Bowman, a nurse for more than 20 years, carries forward her father’s philosophies and approach with her company, which creates and sells all-natural body butters, gummies, soaps, and supplements. Sebi’s Daughters also offers by-appointment Pilates classes, spa treatments, and wellness consulting.

During my visit, I was given a tour of the two-story space, which features lush greenery, wood accents, and a room that honors Dr. Sebi with photos, mementos, and documents from his legal battles. He died in 2016 in Honduras while awaiting trial for money laundering but was seen as a healthcare hero to many, including celebrities like Michael Jackson and Lisa “Left Eye” Lopes. “We’re honoring him here,” Bowman says.

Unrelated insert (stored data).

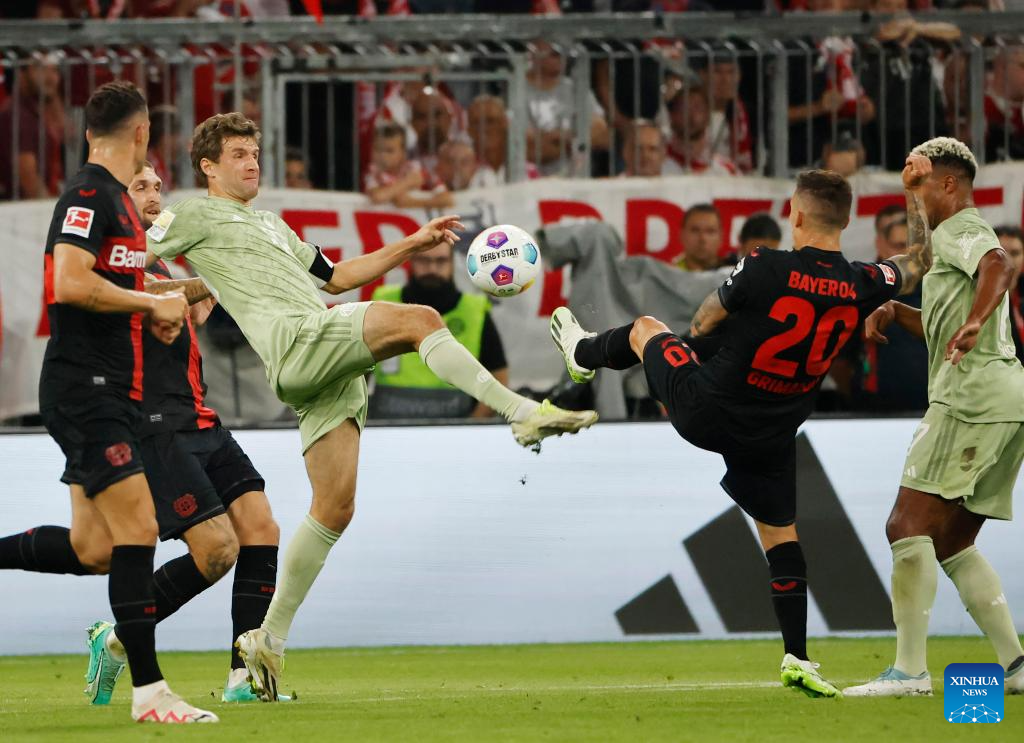 Thomas Mueller (3rd L) of Bayern Munich vies with Alejandro Grimaldo (2nd R) of Leverkusen during a German first division Bundesliga football match in Munich, Germany, Sept. 15, 2023. (Photo by Philippe Ruiz/Xinhua)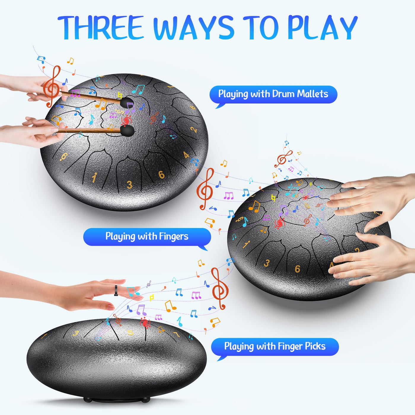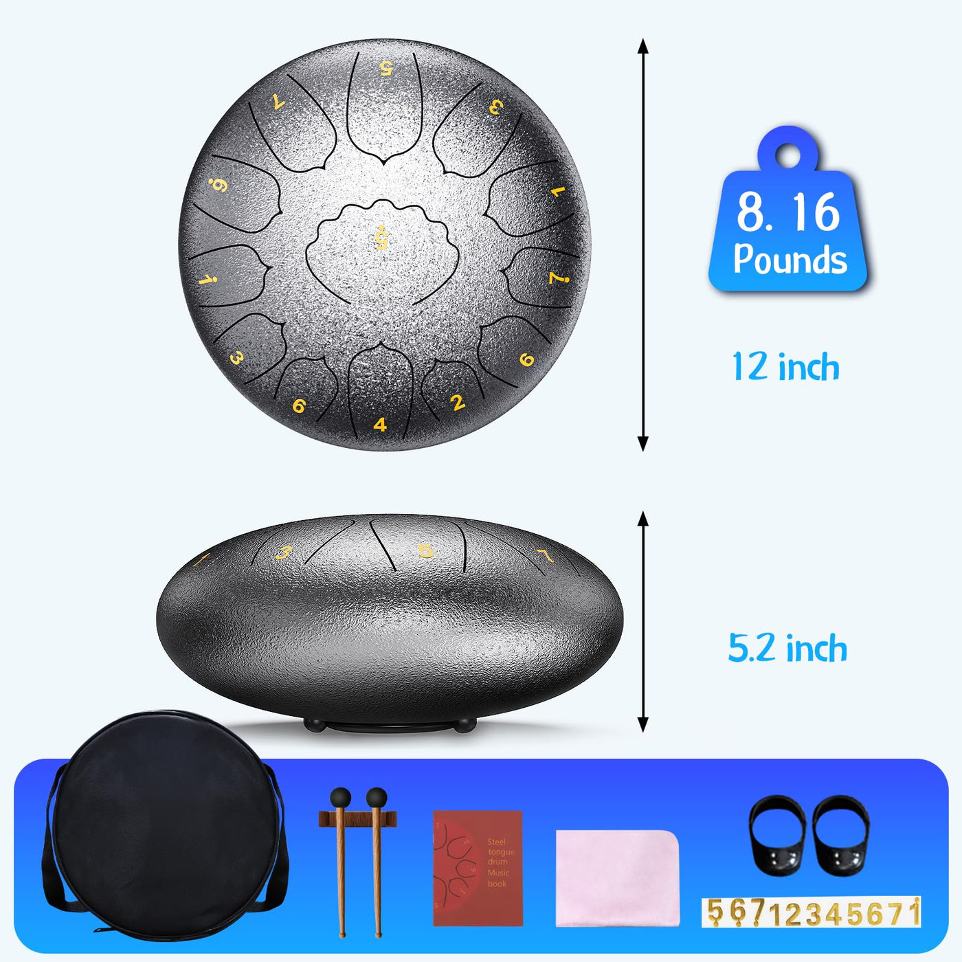 Professional Steel Tongue Drum For Adults & Kids - 8/12 Inch Hand Percussion Instrument Rain Drum With 11/13 Notes For Yoga, Med
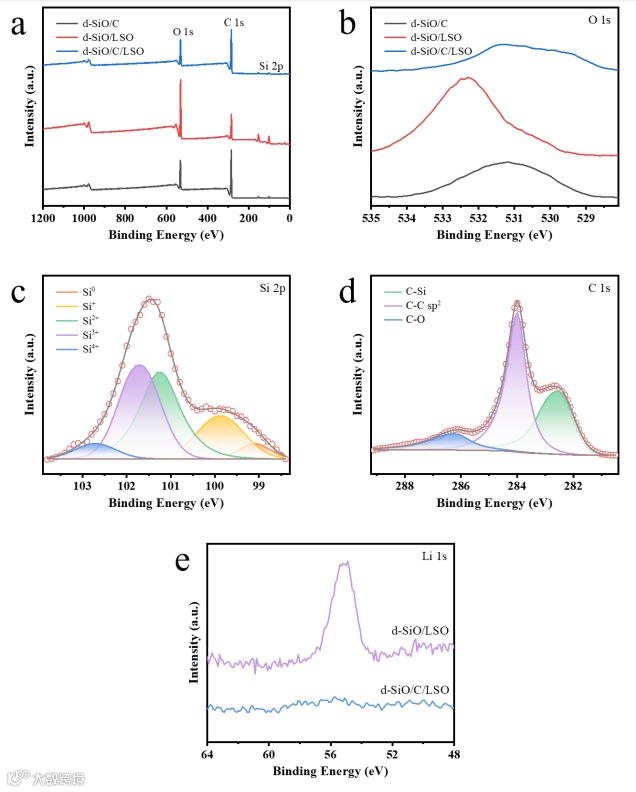 图2 d-SiO/C,d-SiO/LSO和d-SiO/C/LSO的(a)XPS全谱和(b)O 1s XPS谱。d-SiO/C/LSO的(c)Si 2p XPS谱和(d)C 1s XPS谱。(e)d-SiO/LSO,d-SiO/C/LSO的Li 1s XPS谱。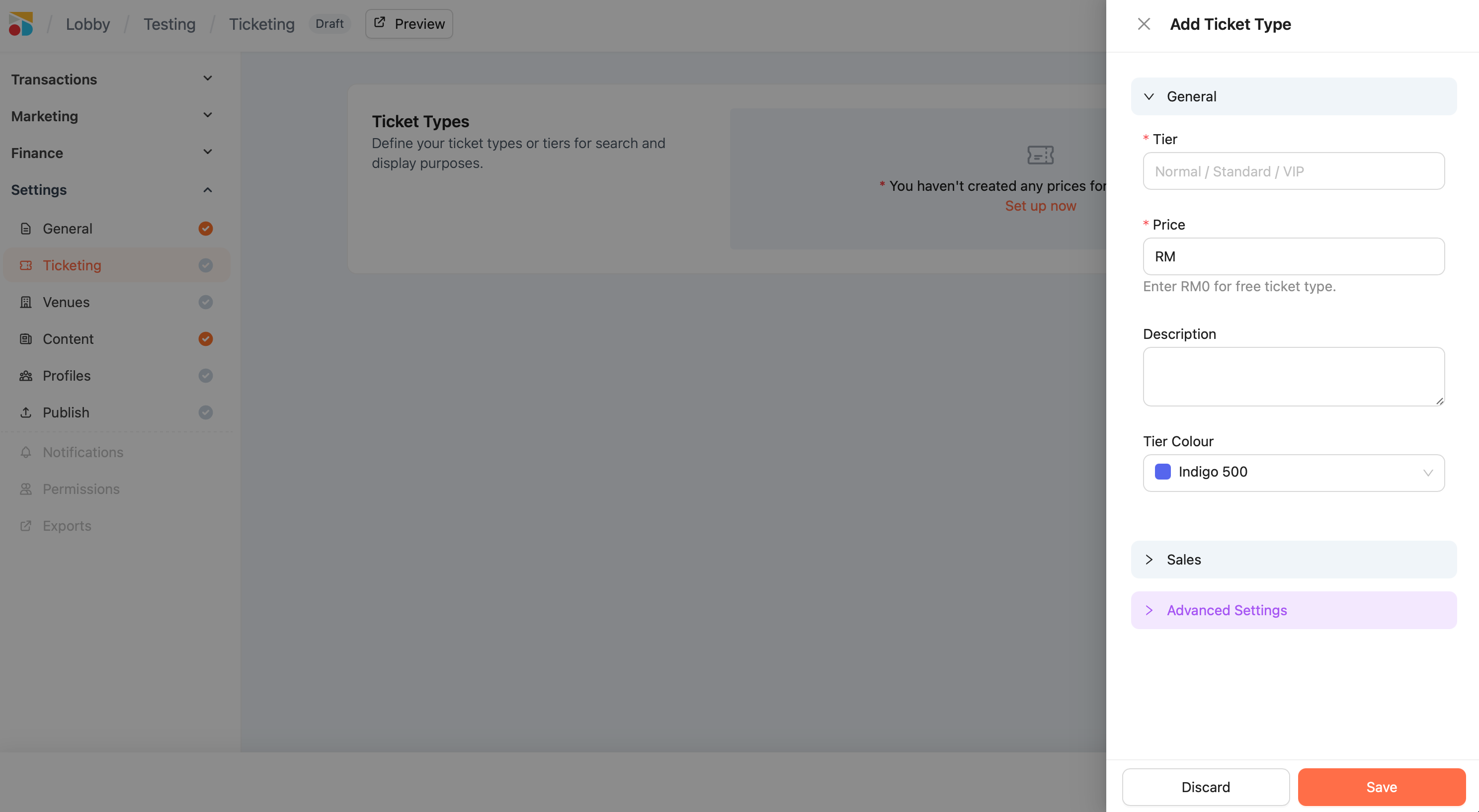 Adding a Ticket Type
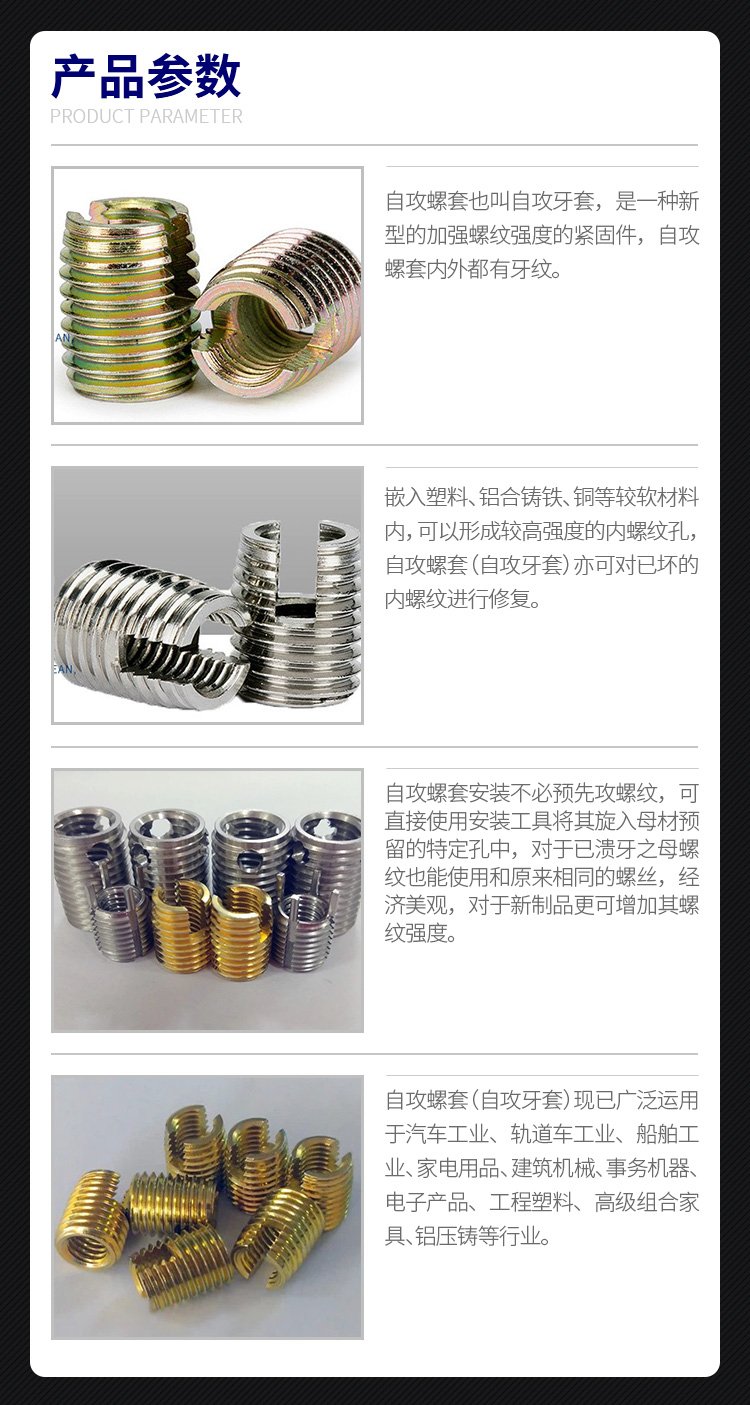 - 點(diǎn)贊踩 308自攻螺套 元亨機(jī)械 鋁合金 不銹鋼 可定制 加強(qiáng)螺紋

After looking at photos from Honduras and a map of Dr. Sebi’s journey to the United States, I walked through an open, 2,500-square-foot area called the Honduran Experience (which can be rented through peerspace.com) with exposed pipes, columns, brick, and concrete. Then I went up the stairs to meet with my massage therapist, who wore a jaunty metal crown and dug into my tight muscles with just the right amount of pressure. Note for the shy: There’s not much privacy—just a few curtains—but it is not a busy place. I was there alone with the therapist and Bowman, and I felt completely at peace.

The treatment included stretching, which helped open up my tight hips, and energy work, during which the therapist spoke lovely affirmations that replayed in my head after I left. And though I hit traffic on the way home, I still held on to the Honduran Experience feeling of tropical nirvana.

This article appears in our May 2023 issue.